Porn: Just Another Business?

Clearly, not enough people have any idea of what kind of sickness reigns in Max Hardcore videos. CNBC was more interested in exploiting Little's reputation rather than denouncing it. "He's the dirtiest man in America," they cooed in a promo, emphasizing the naughty fun, not the temptation to vomit.

In promoting her smutty documentary, the audaciously ambitious Lee played up the centrality of porn to American pop culture. "It's as mainstream as [NBC's] Must-See TV," she proclaimed on her regular CNBC show "Fast Money." NBC should have fired her on the spot for comparing their shows to "Golden Guzzlers 7."

CNBC's porn extravaganza offered just two brief interruptions from porn critics. Pat Trueman appeared about halfway into the hour to explain how porn can be illegal. Recovered porn addict Michael Leahy appeared briefly to explain how his porn habit ruined his marriage and his relationship with his sons.

But viewers mostly saw a parade of pornographic product placement and cordial interviews with a series of porn-makers, including porn star-slash-Oklahoma mom "Jesse Jane," whose 9-year-old son doesn't yet know "exactly" what his mother does for a living. The supposedly saddest moment is porn CEO Steven Hirsch lamenting that all the free-porn websites are killing his profits, and with the suspicion that free sites are pirating his films, "now we have to spend money policing the Internet." Cue the violins.

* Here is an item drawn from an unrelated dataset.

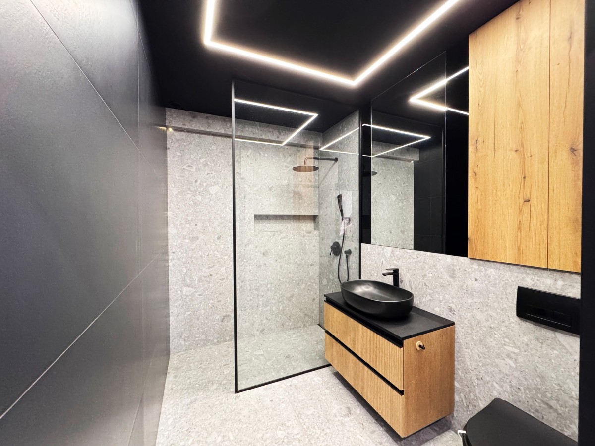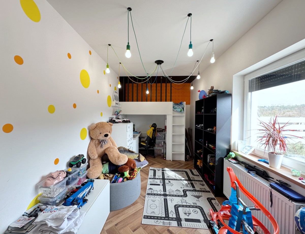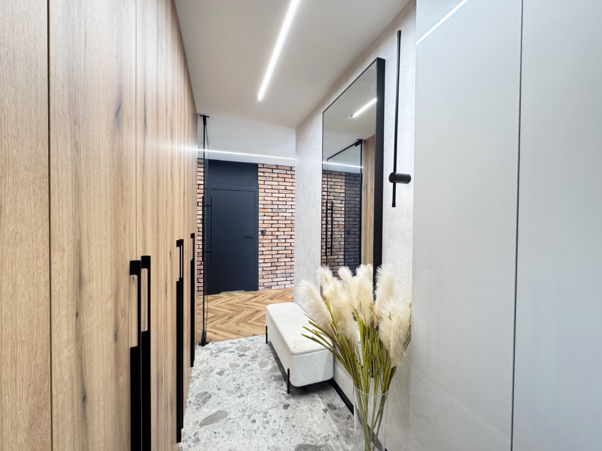 Ten wybudowany w 2023 roku parterowy bliźniak charakteryzuje się wysokim standardem wykończenia oraz spójnym, nowoczesnym designem z elementami stylu loftowego.

CNBC is the Consumer News and Business Channel, and what this has to do with news or business is beyond me. They're trying to shore up their dreadfully low prime time numbers by celebrating all kinds of sleazy money-making schemes, and saying -- and can't you just hear this -- "it's a business like any other!" CNBC has also recently aired specials on prostitution, and on the marijuana business. This kind of special is the prostituting of journalism; this compares to "business news" about the same way that Nancy Grace's lurid crime interviews compare to hard news.

Shame on CNBC for making no attempt to police the porn industry. Instead, viewers were urged to buy the documentary on DVD with "more [porn] star extras." If porn is just a business like any other, can we expect the next CNBC special to focus on sugar beet growers, or bicycle makers? I think everyone knows the answer.